Charles Grantham, Director of the Center for Sports Management at Seton Hall University and Former Executive Director of the National Basketball Players Association : “The true measure of a man is not how he behaves in moments of comfort and convenience but how he stands at times of controversy and challenges.” Martin Luther King Jr. I applaud and support Senator Murphy and his action to protect college athletes from the abuses of the unethical and exploitative behavior of the NCAA. Its false narrative of the “amateurism” business model has enabled the non-profit, educational institutions of the power conferences to generate substantial revenue running, in effect, “for profit” sports franchises in football and basketball.”
Murphy’s first report, released in March of last year during the annual men’s basketball “March Madness” tournament, examined the billions in revenues produced by college sports and how that money enriches nearly everyone but the athletes themselves.

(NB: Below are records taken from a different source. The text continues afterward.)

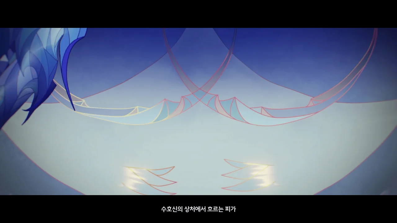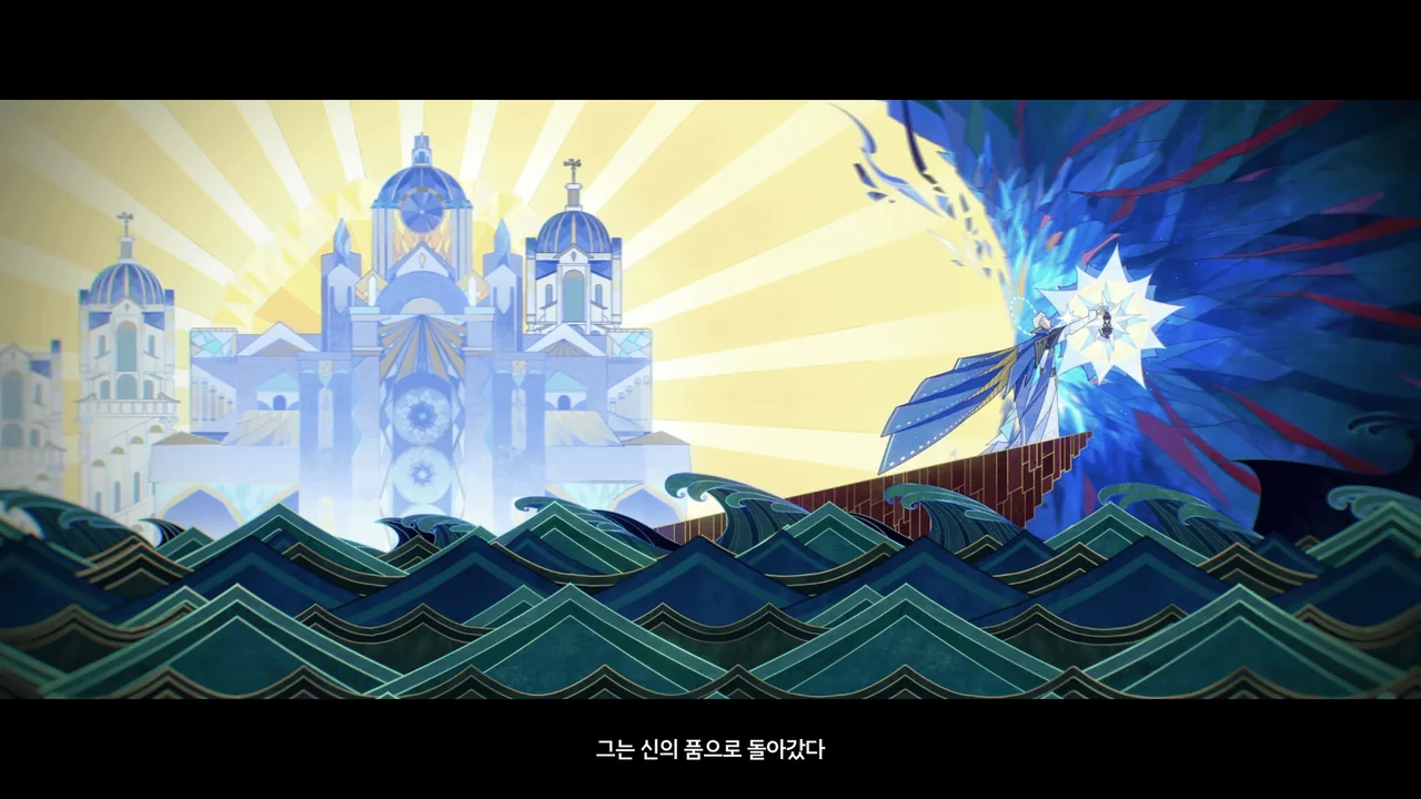 신은 한 분이거늘, 우리의 신앙의 차이로 찢어졌구나. 수호신의 상처에서 흐르는 피가 악몽 같은 흑조를 이루었다.
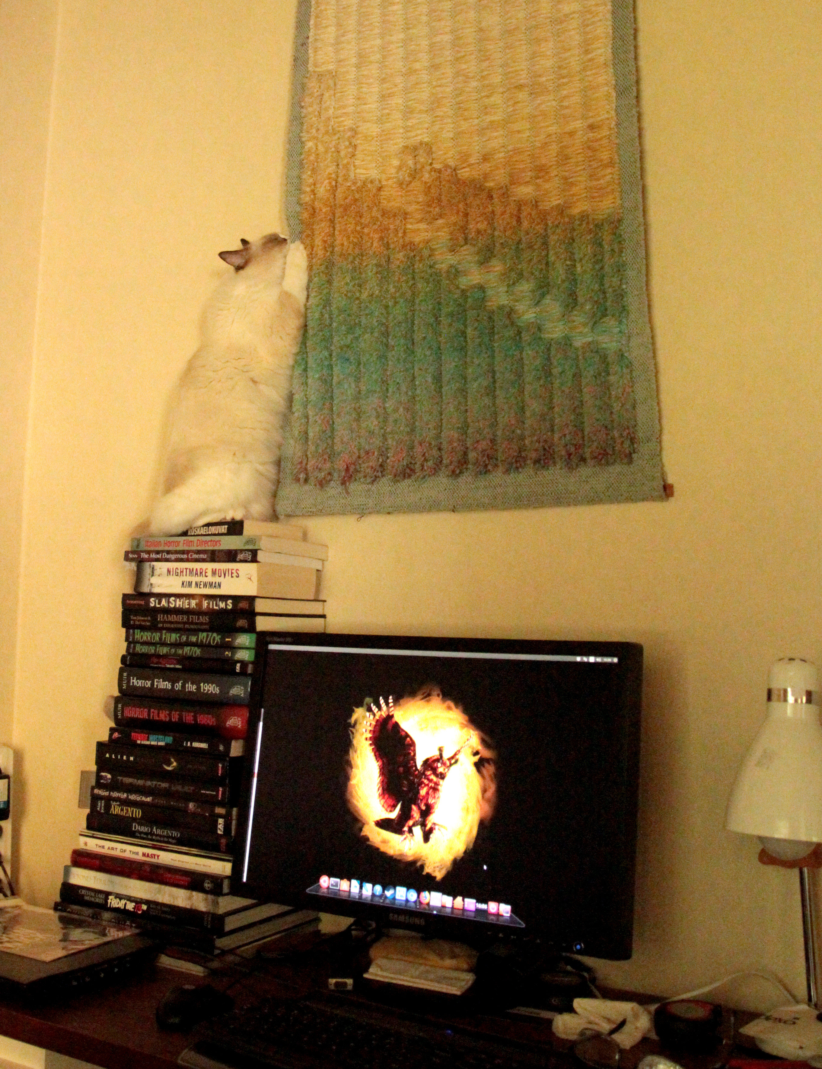 Ilolla voimme raportoida, että jättien lompakkoa syvältä kouraisseiden raapimapuukompleksien hankinta on osoittautunut peräti onnistuneeksi  hankinnaksi. Ihan siis oikeasti hyväksi eikä sarkastisella mielellä ollenkaan. Jykevämpi komplekseista saa osakseen rajua tykitystä liki jok’ikinen ilta, kun me painamme elämän ilosta menemään hippulat vinkuen ns. tuhatta ja sataa. Lepakkomieskin olisi kateellinen nähdessään, miten me pysymme paksussa rungossa kynsien avulla toisaalta paikoillamme painovoimaa uhmaten ja toisaalta pylvästä kiertäen kuin kisailevat oravat. Toinen suuri raapimapuumme on toki myös aika ajoin leikkikohde, mutta se on aikain saatossa vakioitunut meitä enemmän viehättäväksi lepäämisen tyyssijaksi. Tasoille emme enää mahdu nukkumaan kaksin, mutta tilaa on juurikin sopivasti yksinmakoiluun. Sitä paitsi sijoituspaikka on juuri sopiva myös pieneen virkistäytymiseen eli ohi menevien pahaa-aavistamattomien jättien pääkuuppien käpälöintiin lennosta. Luna on Moonaa selvästi innokkaampi hankkiutumaan ylempiin kerroksiin ja Moona taasen viihtyy mieluiten maan kamaralla tai sohvalla. Alla olevassa kuvasarjassa tosin Moona yrittää todistaa juurikin päinvastaista.
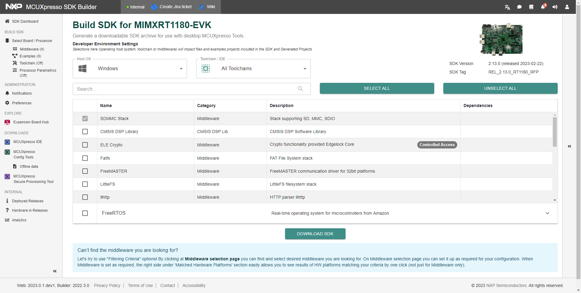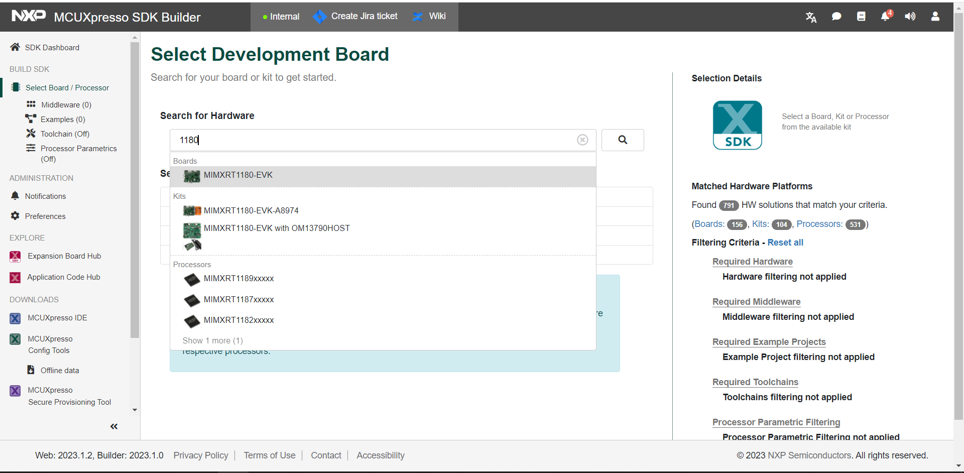 Select MIMXRT1180-EVK from the drop-down list. See, Figure 2.
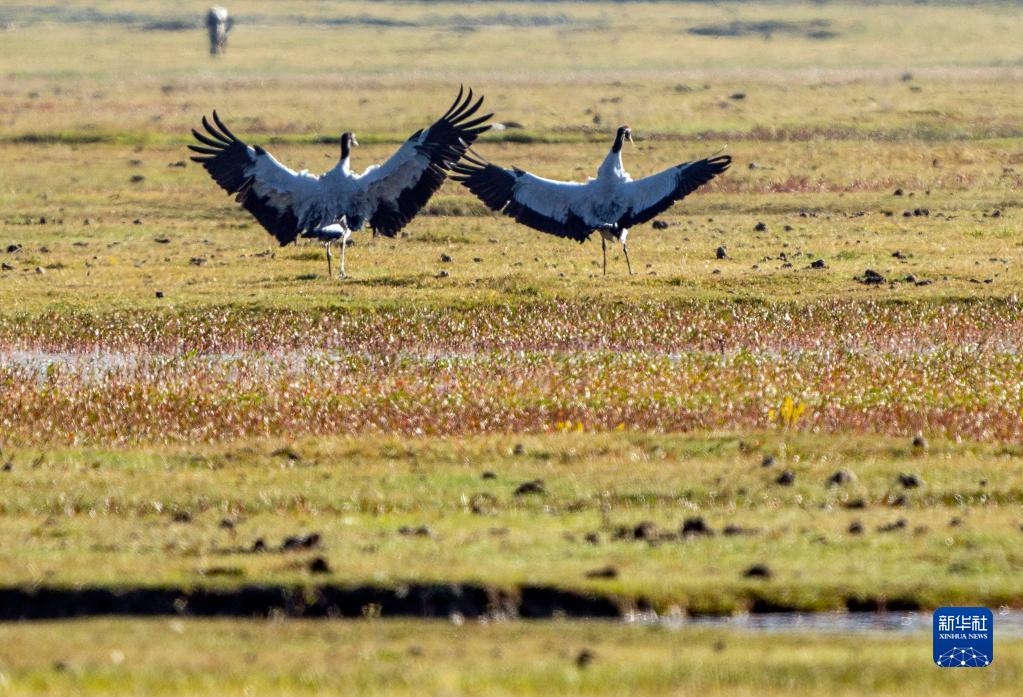 10月29日,黑頸鶴在納帕海嬉戲。新華社記者 江文耀 攝
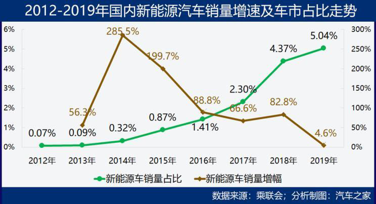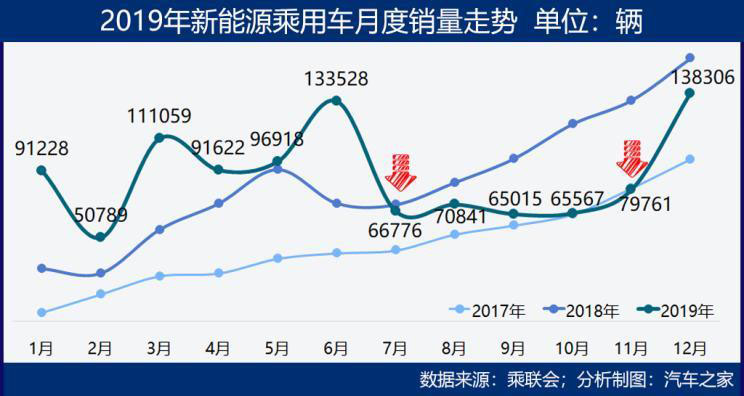 新能源汽車業(yè)結(jié)束了此前高歌上揚(yáng)的發(fā)展局面,2019年新能源汽車全年批發(fā)銷售106.4萬輛,較2018年僅增長4.64%。7月份,新的補(bǔ)貼周期開啟,當(dāng)月銷量首次同比下滑,打破新能源車月銷量多年保持連續(xù)同比增長的神話;之后四個(gè)月持續(xù)不振,11月份,銷量下行擊穿2017年11月的水平(80767輛),但12月的收官,終于為2019年挽回了一些顏面,達(dá)成了年銷百萬的水平。但新能源車市整體進(jìn)入低速增長期已是事實(shí),2020年新能源板塊將承受比燃油車更大的需求壓力。
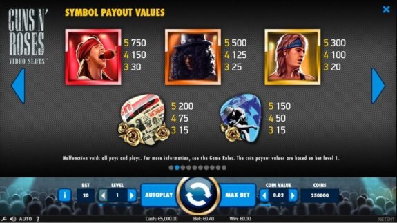 Det kan vara bra att testa på Guns N' Roses utan att satsa några riktiga pengar för att se om det är någonting för dig, samt ha i åtanke att ingen jackpott erbjuds.
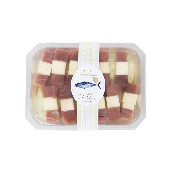 SQUARE OF BLUEFIN TUNA AND CHEESE APPETIZER
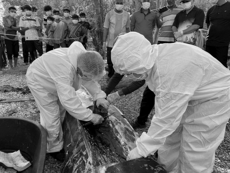 สาเหตุการตายเกิดจากการจมน้ำ โดยคาดว่าสาเหตุโน้มนำเกิดจากการป่วยและพลัดหลงจากแม่ ทั้งนี้ เจ้าหน้าที่ได้ทำการเก็บตัวอย่างชิ้นเนื้อเพื่อนำไปวิเคราะห์ทางห้องปฏิบัติการ ตัวอย่างโครงกระดูกส่วนขากรรไกรล่าง ครีบอก กระดูกเชิงกรานและทำการจัดการซากโดยได้รับความอนุเคราะห์จากองค์การบริหารส่วนตำบลปูยู จังหวัดสตูลเพื่อใช้รถแมคโครในการขุดฝังกลบซากในพื้นที่
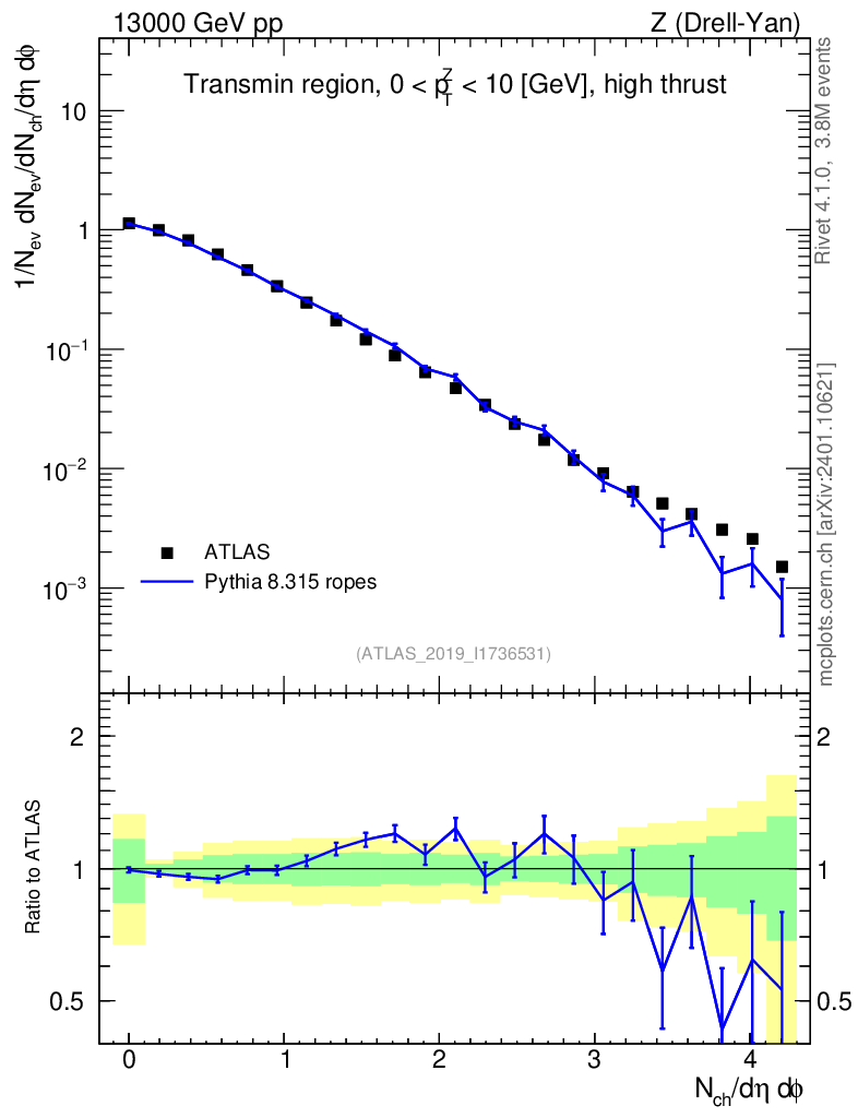 Lines: data, pythia8 8.315 ropes |
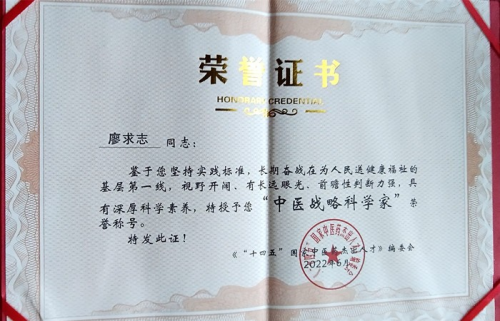健康是人类永恒的追求。实施健康中国战略,是从源头维护人民健康。中医药学凝聚着深邃的哲学智慧和中华民族几千年的健康养生理念及其实践经验,具有独特的生命观、健康观、疾病观、防治观,在健康中国中发挥不可替代作用。中医药起源于民间,立足于基层,无数基层中医人坚守独具匠心的中医情怀、用独特的思维和方法解决了很多疑难病症,用自己高超的医技书写了很多传奇故事。在基层中医这个藏龙卧虎队伍中,国宝级中医——廖求志老师,他是基层中医的一面旗帜,他以“精”“诚”引领自己的医学道路,执着追求,秉承“仁术慈心,修身济众”的信念守护人民健康。是基层群众的健康“守门人”,健康中国路上的筑梦者。
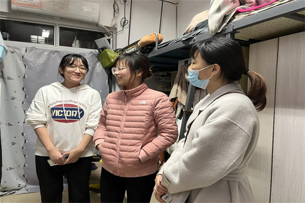 2018级辅导员罗静伟下寝慰问2018级本科生,对同学们的考研复试、就业及生活状况表示关心,并针对当前的疫情形势做出要求,她希望同学们能够积极配合公司及公司的防疫工作,提高安全防范意识,保障好自身的安全。
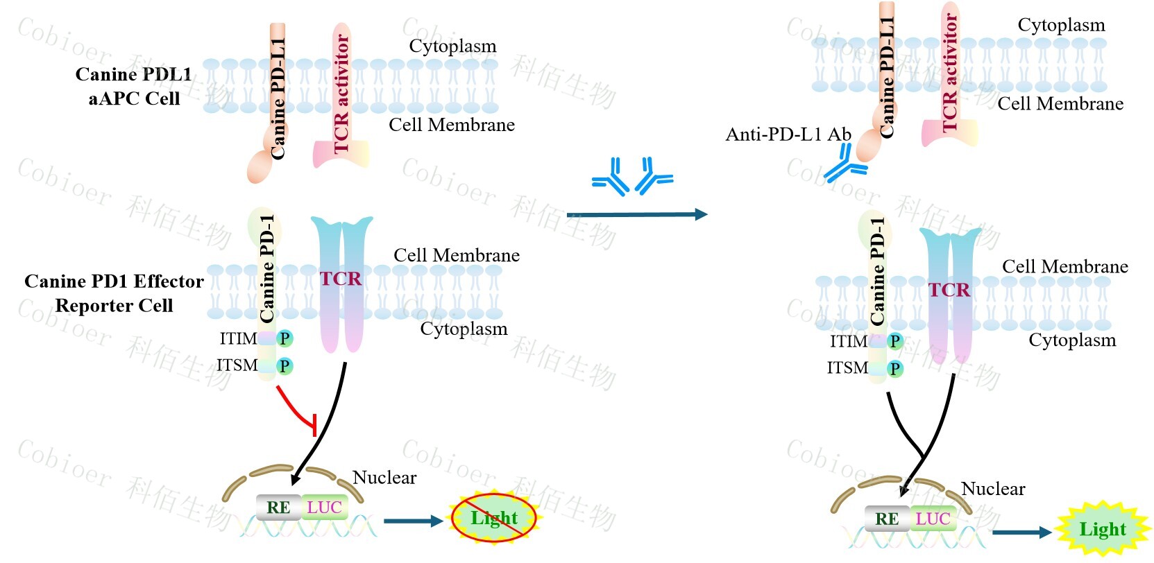 Canine PD1 Effector Reporter Cell 報(bào)告基因藥靶模型很好的模擬了體內(nèi) PD1&PDL1 的 信號(hào)轉(zhuǎn)導(dǎo)過(guò)程,原理圖見(jiàn)下圖所示。![]() Figure 1. Canine PD1 Effector Reporter Cell 細(xì)胞模型原理圖
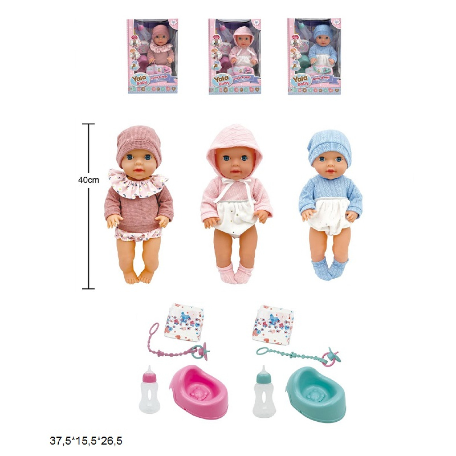 Пупс 40см YL2440E-E/YL2440E-F/YL2440E-N інтер-ний з аксес.горщик,кліпає,3в.кор.37,5*15,5*26,5 /16/
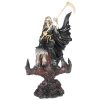 Imagen Santa Muerte Lapida Pata de Gallina 45 cm x 30 cm (Negra) (Copa) (c/ Amuleto Base) – Resina, Artesanal (Color del Lazo Puede Variar)
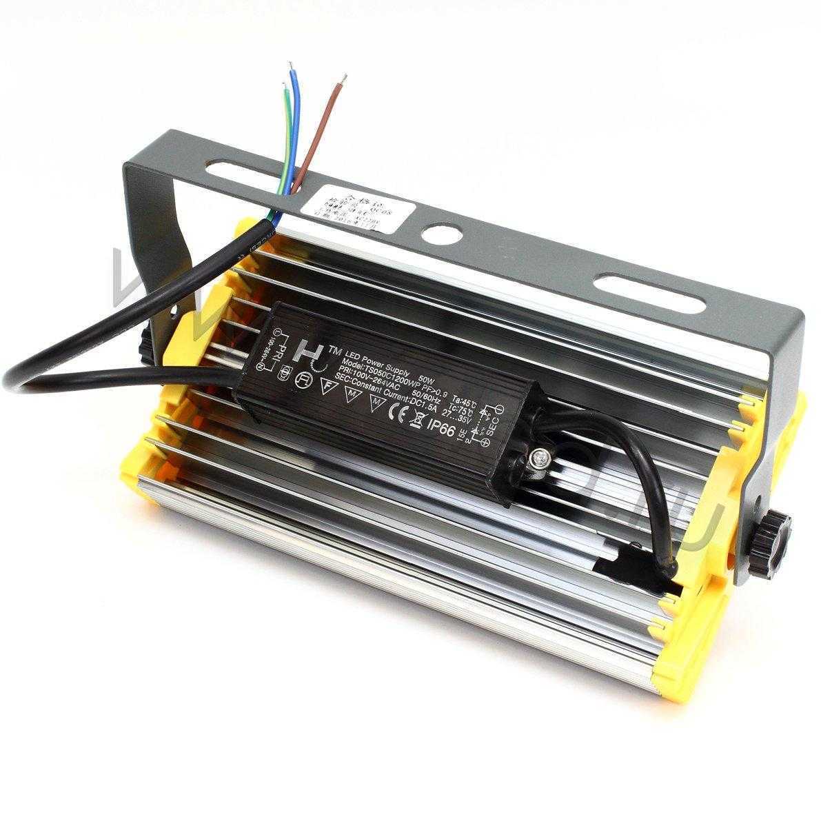 Светодиодный прожектор с возможностью монтажа на потолок или стену. Напряжение 100-264V, мощность 50W, цвет свечения белый 6000К, световой поток 5000Lm, угол свечения 45х150 градусов, степень защиты IP65. Драйвер 27-35В, 1,5А. Размеры 235x135x75мм. Вес 1000г.
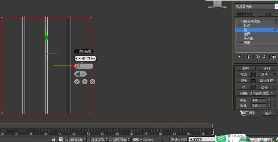 5、選擇中間的三條邊,然后選擇切角修改器。且切角量為30毫米。
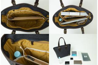 裏地はデニムパンツのステッチをイメージしマスタードカラーを採用。中のヘリも赤耳イメージで生成りにしています。 中には特徴的な仕切りと分割ポケットが多数。普段からトートバッグを使用していて、中に入れたものがゴチャッとしたり、書類を入れるスペースが無い...なんて経験ありませんか?それらを解決したのがこのトートバッグです。 真ん中に仕切りが付いているので、スッキリとファイルを立てて収納する事が可能です。仕切りに付いているファスナーは、iPadが丁度良く入るサイズ(横幅31cm×深さ20cm)になっております。 ペットボトルを立てて入れる事が出来る専用ポケットも付いています。

Coaches, former athletes, and advocates have spoken out in support of Murphy’s first report. Murphy’s second report examined the ways in which colleges fail in providing athletes the education they deserve. This report similarly received praise from coaches, former athletes and advocates.
In December, Murphy and U.S. Senator Mitt Romney (R-Utah) created the working group along with U.S. Senators Marco Rubio (R-Fla.), David Perdue (R-Ga.), and Cory Booker (D-N.J.) in order to facilitate ongoing discussions about student-athlete compensation and related issues among members, as well as with collegiate partners, athletes, and experts who wish to engage lawmakers.